# Tires for Artin cars?



## Minreg (Jan 1, 1970)

Are tires available for the Artin 1/43 cars? or 
Is there something else that works like replacing the wheels, etc.

I know these are not the best cars but my son really likes this car and the tires are falling apart.


----------



## renter39 (Dec 9, 2008)

Do a search for Ranch designs,they produce mostly 1/43 parts {tires, rims bodies } Great place to start.


----------



## PD2 (Feb 27, 2003)

renter39 said:


> Do a search for Ranch designs,they produce mostly 1/43 parts {tires, rims bodies } Great place to start.


100% agree with renter here - Ranch Design is the place that has all sorts of upgrades, including tires and wheels for 1/43. Definitely a great bunch of guys and great service! You won't be disappointed!

PD2:thumbsup:


----------



## Montoya1 (May 14, 2004)

Minreg said:


> Are tires available for the Artin 1/43 cars? or
> Is there something else that works like replacing the wheels.


http://www.ranch-design.com/


----------



## slotnewbie69 (Dec 3, 2008)

thanks for that link!i also have 1/43 stuff,and the artin cars have lousy tires...


----------



## Minreg (Jan 1, 1970)

Thanks. I will find out if they have direct replacements or if I have to put their rims on.
My son is fascinated with this sad car when he has others that are fine.


----------



## gonegonzo (Jan 18, 2006)

If you turn the register off the center of the Artin wheel, The larger silicone tires for A/FX Specialized Chassis wil fit the rim.

Wizzard sells the tires.

Gonzo


----------



## micyou03 (Apr 8, 2003)

If you use AFX you will have to file the rib off the rim. 

If you post a picture of the car that needs tires and PM me your address, I will send you a set. Or if you can tell me the size of the tires. Are the rears much wider than the fronts. What kind of car is it. I am very familiar with Artin cars.

Mike


----------



## slotnewbie69 (Dec 3, 2008)

micyou03 said:


> If you use AFX you will have to file the rib off the rim.
> 
> If you post a picture of the car that needs tires and PM me your address, I will send you a set. Or if you can tell me the size of the tires. Are the rears much wider than the fronts. What kind of car is it. I am very familiar with Artin cars.
> 
> Mike


maybe you could help id this one:


----------



## micyou03 (Apr 8, 2003)

Is that 1/43rd or 1/32nd? I should have specified that I am very familiar with Artin 1/43rd.
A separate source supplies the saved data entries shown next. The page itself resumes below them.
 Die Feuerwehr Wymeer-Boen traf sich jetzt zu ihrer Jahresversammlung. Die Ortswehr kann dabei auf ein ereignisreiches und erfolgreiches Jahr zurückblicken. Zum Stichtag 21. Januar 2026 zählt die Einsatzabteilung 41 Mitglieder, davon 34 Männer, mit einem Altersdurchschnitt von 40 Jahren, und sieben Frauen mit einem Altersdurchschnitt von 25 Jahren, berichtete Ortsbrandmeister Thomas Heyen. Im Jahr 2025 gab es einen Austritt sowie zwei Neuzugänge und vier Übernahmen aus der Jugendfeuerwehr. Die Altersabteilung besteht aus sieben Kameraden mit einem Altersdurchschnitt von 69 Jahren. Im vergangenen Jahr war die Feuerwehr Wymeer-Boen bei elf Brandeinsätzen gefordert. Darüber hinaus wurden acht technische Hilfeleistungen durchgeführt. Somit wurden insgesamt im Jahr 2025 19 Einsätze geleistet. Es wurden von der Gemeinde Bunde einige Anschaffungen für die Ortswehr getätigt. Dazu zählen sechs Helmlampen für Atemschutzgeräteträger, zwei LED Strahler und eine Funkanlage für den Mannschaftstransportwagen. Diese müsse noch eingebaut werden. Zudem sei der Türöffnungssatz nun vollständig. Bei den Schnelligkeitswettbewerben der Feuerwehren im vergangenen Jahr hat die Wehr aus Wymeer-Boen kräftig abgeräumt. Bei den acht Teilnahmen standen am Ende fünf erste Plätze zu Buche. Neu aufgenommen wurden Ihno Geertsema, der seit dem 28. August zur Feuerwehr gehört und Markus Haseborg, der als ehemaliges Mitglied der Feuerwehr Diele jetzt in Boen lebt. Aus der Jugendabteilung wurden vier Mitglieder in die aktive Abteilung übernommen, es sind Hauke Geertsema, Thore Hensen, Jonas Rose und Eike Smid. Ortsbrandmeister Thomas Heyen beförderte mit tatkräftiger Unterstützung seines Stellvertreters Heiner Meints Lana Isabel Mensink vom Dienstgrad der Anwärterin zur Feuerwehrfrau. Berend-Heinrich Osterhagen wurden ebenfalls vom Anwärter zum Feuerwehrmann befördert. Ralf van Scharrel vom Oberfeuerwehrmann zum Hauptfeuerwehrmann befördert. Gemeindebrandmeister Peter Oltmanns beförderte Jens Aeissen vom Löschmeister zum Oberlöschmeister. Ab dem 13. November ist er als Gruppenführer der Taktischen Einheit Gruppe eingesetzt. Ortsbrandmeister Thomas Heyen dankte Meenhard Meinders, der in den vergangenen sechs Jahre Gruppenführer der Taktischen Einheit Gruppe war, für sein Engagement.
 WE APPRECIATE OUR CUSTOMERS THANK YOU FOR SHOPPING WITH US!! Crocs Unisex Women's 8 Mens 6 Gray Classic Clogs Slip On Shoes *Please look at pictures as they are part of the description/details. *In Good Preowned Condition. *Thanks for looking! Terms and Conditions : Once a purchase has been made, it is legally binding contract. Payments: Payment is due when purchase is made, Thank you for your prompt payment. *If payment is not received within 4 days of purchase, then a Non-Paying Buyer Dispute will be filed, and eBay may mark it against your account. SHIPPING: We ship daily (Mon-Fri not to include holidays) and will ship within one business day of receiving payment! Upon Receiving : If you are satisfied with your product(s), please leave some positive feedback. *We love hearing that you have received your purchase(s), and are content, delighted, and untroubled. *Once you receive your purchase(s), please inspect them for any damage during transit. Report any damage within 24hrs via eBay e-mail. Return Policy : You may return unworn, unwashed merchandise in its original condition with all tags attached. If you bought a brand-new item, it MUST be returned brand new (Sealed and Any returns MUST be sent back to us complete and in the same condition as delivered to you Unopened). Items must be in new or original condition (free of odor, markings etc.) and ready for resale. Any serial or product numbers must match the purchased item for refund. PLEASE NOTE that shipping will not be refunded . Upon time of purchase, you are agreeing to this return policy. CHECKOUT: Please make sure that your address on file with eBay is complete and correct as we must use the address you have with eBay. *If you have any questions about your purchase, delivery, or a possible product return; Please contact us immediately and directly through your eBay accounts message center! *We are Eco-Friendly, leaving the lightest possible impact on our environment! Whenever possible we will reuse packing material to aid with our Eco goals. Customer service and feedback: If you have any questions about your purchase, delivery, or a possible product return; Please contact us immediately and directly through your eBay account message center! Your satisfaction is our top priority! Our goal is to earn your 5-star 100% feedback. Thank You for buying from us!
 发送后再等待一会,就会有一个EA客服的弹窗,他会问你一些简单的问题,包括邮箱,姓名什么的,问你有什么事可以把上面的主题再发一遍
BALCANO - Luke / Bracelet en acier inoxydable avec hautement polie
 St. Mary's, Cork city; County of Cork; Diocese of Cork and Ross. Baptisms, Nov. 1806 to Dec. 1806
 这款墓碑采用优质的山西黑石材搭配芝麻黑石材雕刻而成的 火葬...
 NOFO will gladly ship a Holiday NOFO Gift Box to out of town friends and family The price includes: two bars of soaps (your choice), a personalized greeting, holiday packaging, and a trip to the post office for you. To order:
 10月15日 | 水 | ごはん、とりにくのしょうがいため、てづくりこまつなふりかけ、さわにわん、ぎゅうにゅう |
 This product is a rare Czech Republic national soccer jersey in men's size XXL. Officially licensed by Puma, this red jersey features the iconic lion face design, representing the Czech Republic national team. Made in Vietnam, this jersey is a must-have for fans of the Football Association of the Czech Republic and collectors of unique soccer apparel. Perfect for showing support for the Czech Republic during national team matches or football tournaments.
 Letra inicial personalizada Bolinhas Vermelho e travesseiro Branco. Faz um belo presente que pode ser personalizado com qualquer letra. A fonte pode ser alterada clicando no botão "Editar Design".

If that is 1/43rd it is very different than anything I've seen before. The body looks much like their stocker, but the chassis with the motor showing through the chassis and the magnet configuration is smoething I've never seen before.


----------



## slotnewbie69 (Dec 3, 2008)

micyou03 said:


> Is that 1/43rd or 1/32nd? I should have specified that I am very familiar with Artin 1/43rd. If that is 1/43rd it is very different than anything I've seen before. The body looks much like their stocker, but the chassis with the motor showing through the chassis and the magnet configuration is smoething I've never seen before.


yeah i am pretty sure its artin,it came with a bunch of artin hw 1 43 track i found in a big bag at vallue village.it has dual traction magnets,and the motor is flush in the chassis not tilted like my two other artin cars.it sticks to the track like glue!it also has two different gearing options,hi and lo with a switch on the rear behind the axle.


----------



## slotnewbie69 (Dec 3, 2008)

hey micyou03!just put on some reading glasses and found the brand logo on that chassis!it says"chery"and has two cherries on the logo above the name.can,t find anything on the net,but they it sticks way better than my artins,that just fishtail like crazy,fun,yes,but a tad frustrating at times too...


----------



## micyou03 (Apr 8, 2003)

Looks like it would be a good slider.


----------



## gonegonzo (Jan 18, 2006)

Hey Slotnewbie ,

That is a standard ARTIN 1/43rd chassis on a NASCAR body. They made tons of them.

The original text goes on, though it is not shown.